• _INSTRUCTIONS TO FOLLOW_: Pictures in the data must not be copied, but everything else should be output exactly.

• _AVAILABLE DATA_:
Segment Open
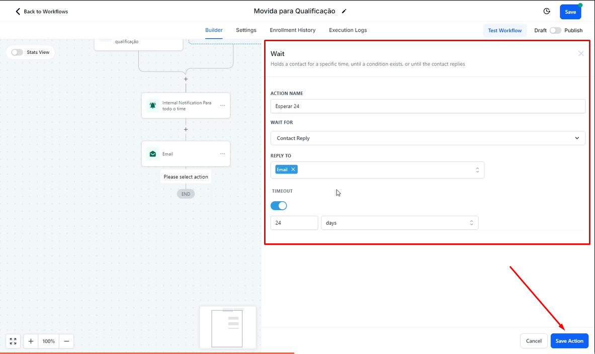 Em "Action Name", dê um nome a essa ação, como "Esperar 24h".
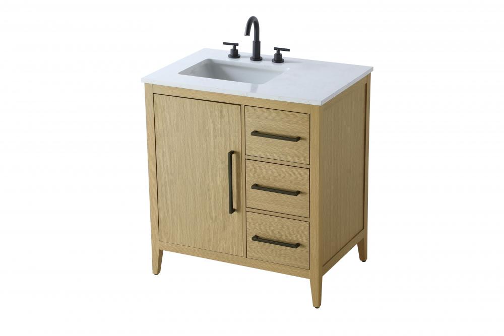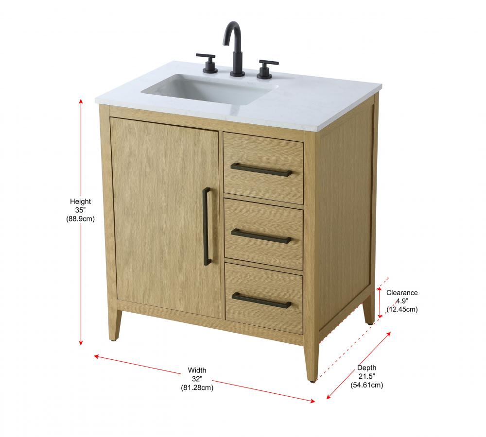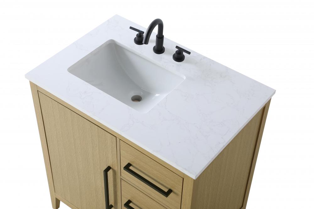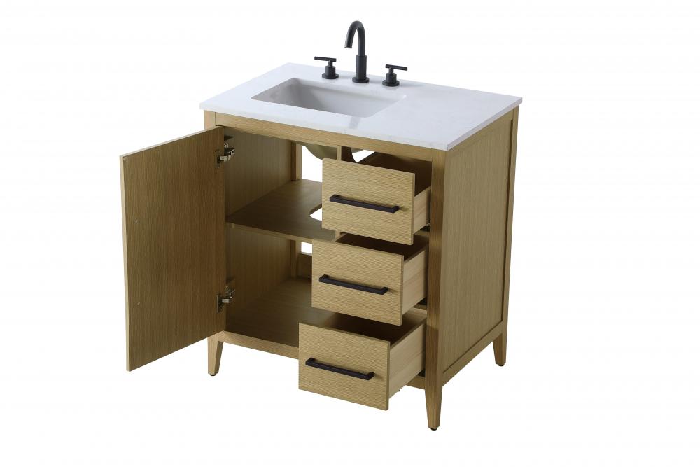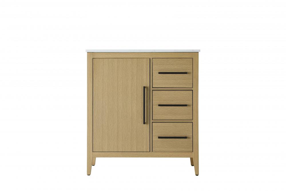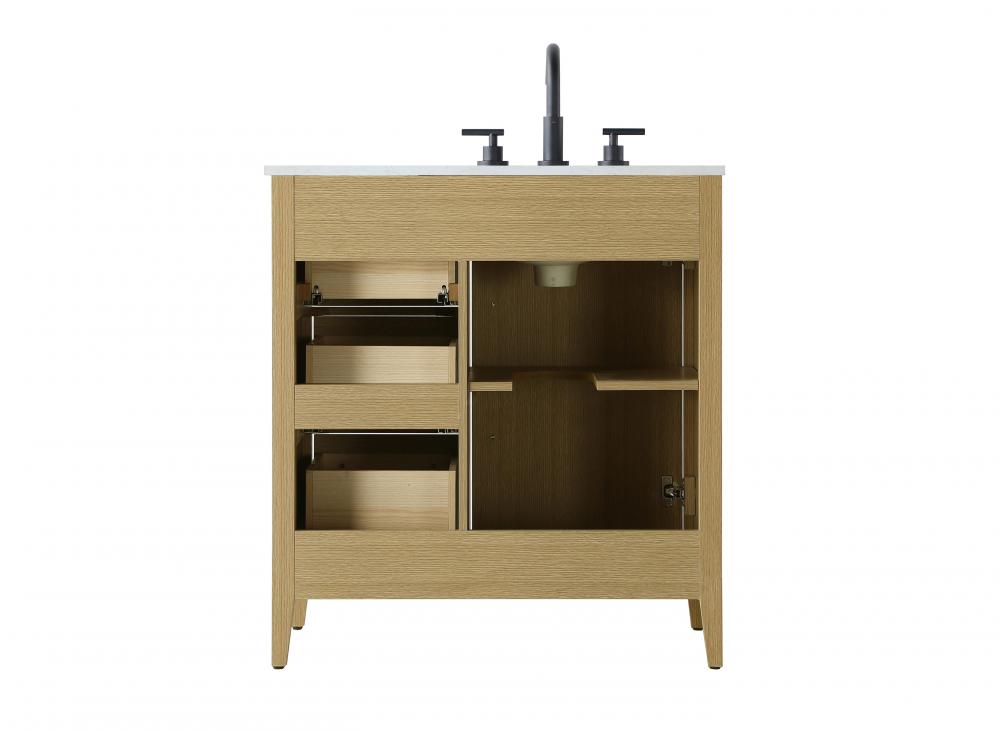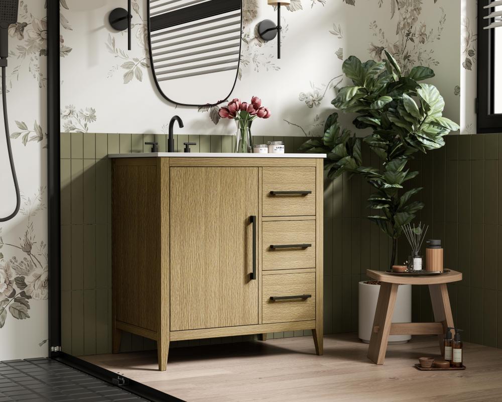 Bring both elegance and practicality to your bathroom with this transitional vanity, available in a selection of rich finishes that highlight the beauty of faux wood grain in shades of mocha, chestnut, and honey, along with classic white and modern grey. The flat door panels and sleek black metal pulls create a minimalist yet refined aesthetic, while the soft-closing drawers and tapered legs with levelers provide smooth, functional operation. Topped with a luxurious white engineered marble countertop and featuring a porcelain sink, this vanity combines timeless style with modern efficiency. Thoughtfully designed with U-shaped cutout for plumbing, it offers ample storage and easy installation, making it the perfect centerpiece for any bathroom.
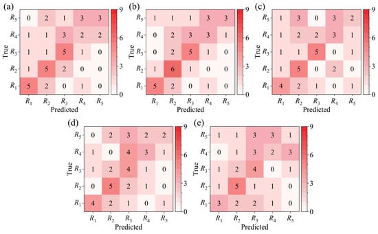 Confusion matrix: (a) BPNN; (b) SVM; (c) GPC; (d) NBC; and (e) KNN. The R1, R2, R3, R4, and R5 denote no squeezing, mild squeezing, moderate squeezing, strong squeezing, and extremely strong squeezing, respectively.
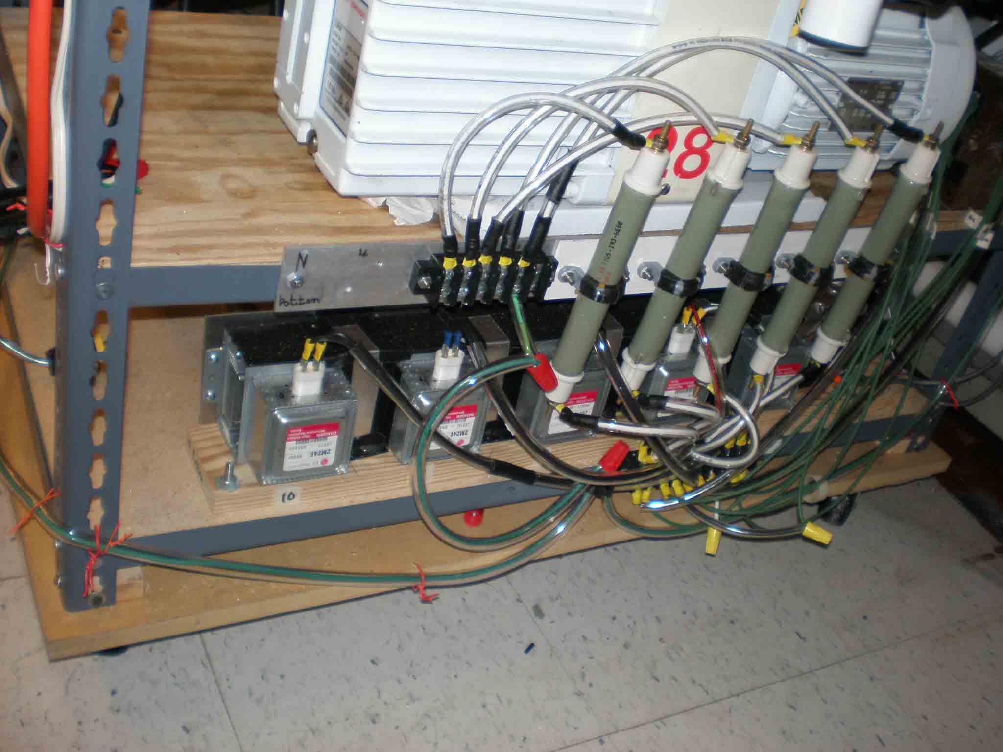 New arrangement of wiring and power distribution; see big new resistors (small older ones blew up), 500 ohms distribute current pulse among magnetrons; variac adjusts power to magnetron filaments (3VAC after another transformer)
Segment Closed
• _REPLY TO THE TASK_:
 Em "Action Name", dê um nome a essa ação, como "Esperar 24h".
 Bring both elegance and practicality to your bathroom with this transitional vanity, available in a selection of rich finishes that highlight the beauty of faux wood grain in shades of mocha, chestnut, and honey, along with classic white and modern grey. The flat door panels and sleek black metal pulls create a minimalist yet refined aesthetic, while the soft-closing drawers and tapered legs with levelers provide smooth, functional operation. Topped with a luxurious white engineered marble countertop and featuring a porcelain sink, this vanity combines timeless style with modern efficiency. Thoughtfully designed with U-shaped cutout for plumbing, it offers ample storage and easy installation, making it the perfect centerpiece for any bathroom.
 Confusion matrix: (a) BPNN; (b) SVM; (c) GPC; (d) NBC; and (e) KNN. The R1, R2, R3, R4, and R5 denote no squeezing, mild squeezing, moderate squeezing, strong squeezing, and extremely strong squeezing, respectively.
 New arrangement of wiring and power distribution; see big new resistors (small older ones blew up), 500 ohms distribute current pulse among magnetrons; variac adjusts power to magnetron filaments (3VAC after another transformer)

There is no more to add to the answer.